Thanjavur big templeThe Big Temple or Brahadeeswara Temple
Raja Raja Chola, the greatest of the Chola emperors, ordered his men to build a big temple for Lord Pragatheeswarar. The chief sculptors and architects of this temple were Kunjaramallan and Raja Raja Perunthachan. This temple is a typical example for the Indian sculpture, its architectures and its greatness. The temple is covered by a moat on both sides. The Anaikut River flows on the other side. This temple has the tallest tower over the shrine. The height of the tower is 216 feet. The tomb is made of Bronze. The walls are painted with portrayals of the Chola and the Nayak Kings, the deeds that they did during their supremacy over Thanjavur. These paintings on the walls are compared with those in the Ajanta Cave Paintings. The inner shrine of the temple has a Bull shaped statue which is quite big in size which guards the shrine. The measurement of the bull is 12 feet tall, nearly 20 feet long and 8 and a quarter feet wide.
This temple, the marvel of Dravidian art and architecture needs several days to go round and enjoy inch by inch, even then one would not go with complete satisfaction. It was built by the Great Rajaraja I the nonpareil of the later Chola dynasty. Begun in A.D. 1003 it was completed n 1010. He was a king of magnificence and his temple also stood magnificent, true to its name Dakshina Meru. Unlike other temples the vimanam (the tower over the Sanctum) soars higher than the usual gopuram or portal tower. It soars to the height of 64.8m (208ft). It rises from a square base and shaped like a pyramid with 14 tiers, on th top of which is a higher monolithic cupola carved out from a 81.3 tonne block of granite. It was perched there from the village, Saarappallam by rolling it along a ramp of earth six km along like the way in which the Egyptian pyramids were built. It is set on a spacious prakara of 240m by 125m. The Lingam in the sanctum is 3.70m high. The huge bull (Nandhi) in the outer courtyard is monolithic 3.70m high, 6m long, and 2.50m wide which is the handiwork not to Chola but added by the Vijayanagar rulers. It is the second largest in India, the first being the one at the Lepakshi temple in Andhra Pradesh.

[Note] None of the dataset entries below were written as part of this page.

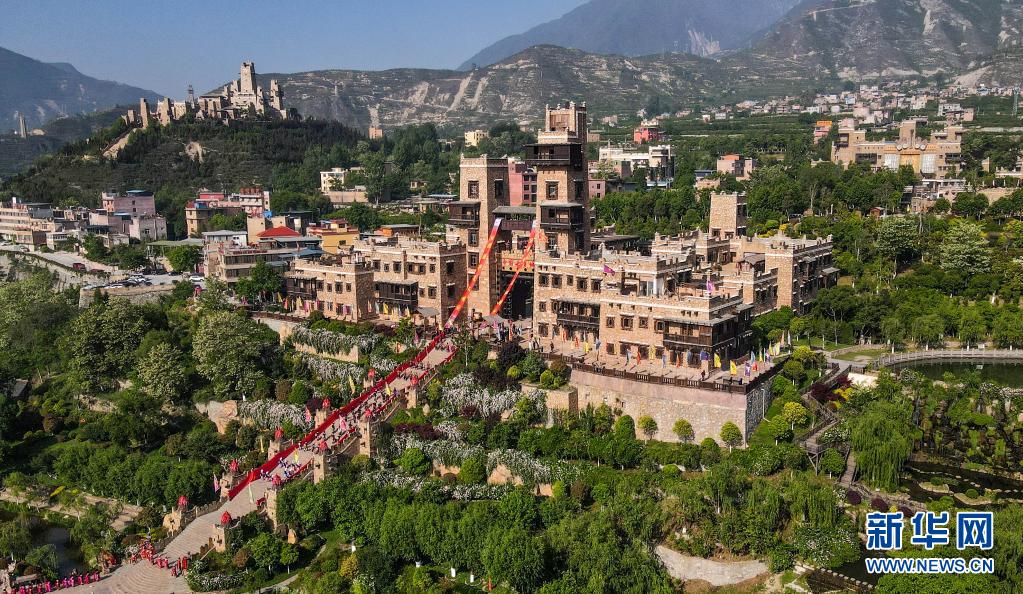 這是5月9日拍攝的位于四川省阿壩藏族羌族自治州茂縣的中國(guó)古羌城(無人機(jī)照片)。新華社記者 胥冰潔 攝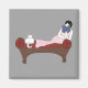 An Art Deco era lady lounges reading a book on an antique-style red upholstered daybed in the mixed media image on this magnet. The flapper girl wears a slinky pink negligee and she has finger curls in her shiny black hair. At her feet sits a quite contented big, white cat. From my original digitally created image, this design will appeal to cat lovers, book lovers and vintage fans alike!
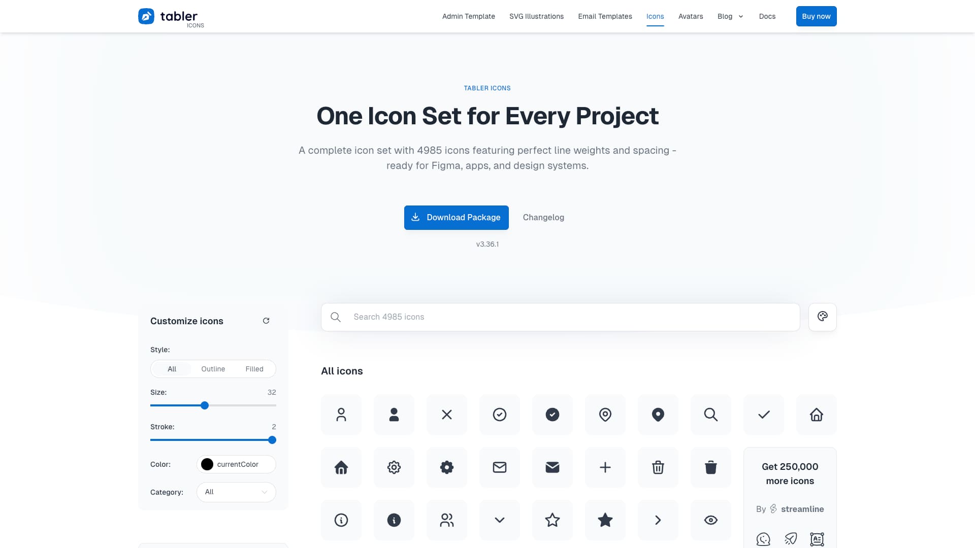 Tabler Icons provides 4962 free and open source SVG icons. You can easily customize size, color and stroke width. Packages are available for React, SolidJS, Vue, Figma, Svelte and Preact. Icons can be downloaded as PNG, Webfont, PDF or EPS files. All for free!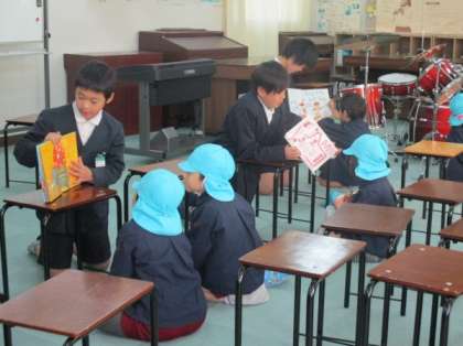 幼小連携の取り組み 公開日 2018/12/19 更新日 2018/12/19 学校日記 前回もお知らせしましたが、大阪市教育振興基本計画では、保幼小中の連携を求めています。その取組として、18日(火)の20分休みに北中道幼稚園児に5年生が絵本の読み聞かせをしました。幼稚園児は少し緊張しながらもしっかり聞いていました。 いいね(0)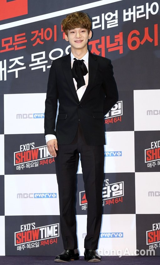그룹 엑소의 멤버 첸이 28일 오후 영등포구 여의도 CGV에서 열린 MBC에브리원 ‘EXO의 쇼타임’제작발표회에서 포토타임을 하고있다.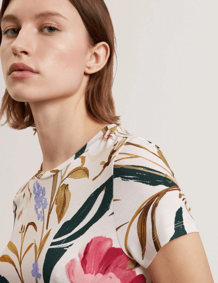 This floral print t-shirt is ideal for those who appreciate style without sacrificing comfort. Whether you're heading out for brunch or enjoying a day in the park, the breathable fabric ensures you stay cool and stylish.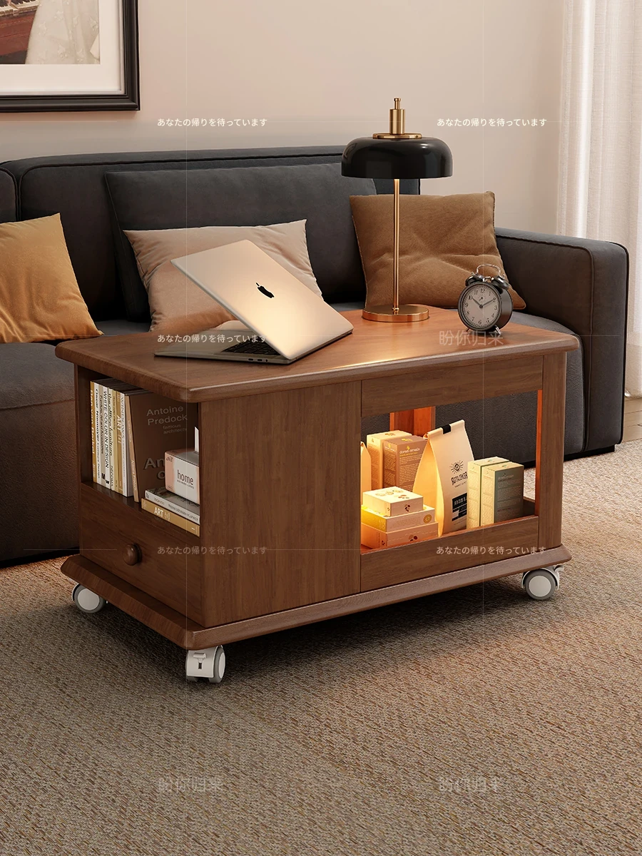 移動可能な無垢材製サイドテーブル|リビングにぴったりなコンパクトなティーテーブル|収納力抜群の簡易キャビネット|おしゃれなソファサイドラック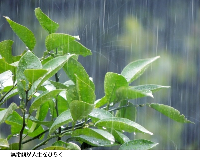 意訳:天地創造の遠い昔の初めから、世の中は定まるものがないものだと、語り継がれて、時を流れて来ました。天の原を振り仰いで眺めると、照る月も満ち昇ってきます。葦や檜の生える山の梢も、春になって来ると花が咲きほこり、秋になると、霜露を負って吹く風に交じって黄葉が散ります。この世も、このような姿です。紅の顔色もやがて移ろい衰え、漆黒の黒髪も変わり、朝に幸福の頬笑みも、夕べには変わってしまい、吹く風の姿が見えないように、流れ逝く水が留まらないように、定まることなく、流れ逝くと、庭に溢れるように、流れる涙は、留めることができません。

The Dwarapalakas flanking the doorways are 5.50m in height. The complex is flanked with various mandapams. There are three gateways with gopurams to enter the temple. The basement is crowded with inscription telling the various grants and gifts offered to Brahadeeswara by innumerable kings, chieftains and nobles. The establishment of the temple had 1000 persons, 4000 of them were female dancers. The outer side of the exterior wall is divided into 2 storeys with niches filled with images of Saivate iconography. There are also Vaishnavite and Buddhist themes in sculptures. One difference here is that even the sculptors name is engraved.
While the outer wall is ornamented with stone images, the inner wall of the sanctum is covered with Chola murals. They were concealed by the superimposition of Vijayanagar Nayak paintings. It was only in 1930, the originals were brought to light by special chemical process. Sundaramurthy Nayanar, Cherman Perumal, Tiripuranthaga, Rajaraja, Karuvur Thevar and Dakshinamurthi were thus discovered to the world manifesting the marvel of Chola painting. With permission from the archaeological department one could see them dazzle in floodlight inside the inner corridor. The outer wall of the upper storey is carved with 81 dance poses of Bharatha Natyam, the classical dance of the Tamils. A look at the inside of the spiraling 14 tiers is quite amazing and the precision of the engineers of the Chold period makes one spellbound. Another wonder is that the shadow of the cupola never falls in the ground a testimony to the engineering skills of the Chola architecture.
The shrine for the Goddess was added by Pandian rulers in the 13th century A.D. The Subramania shrine was added by Vijayanagar rulers. Sambaji, the Maratha ruler of Thanjavur renovated the Vinayaka shrine.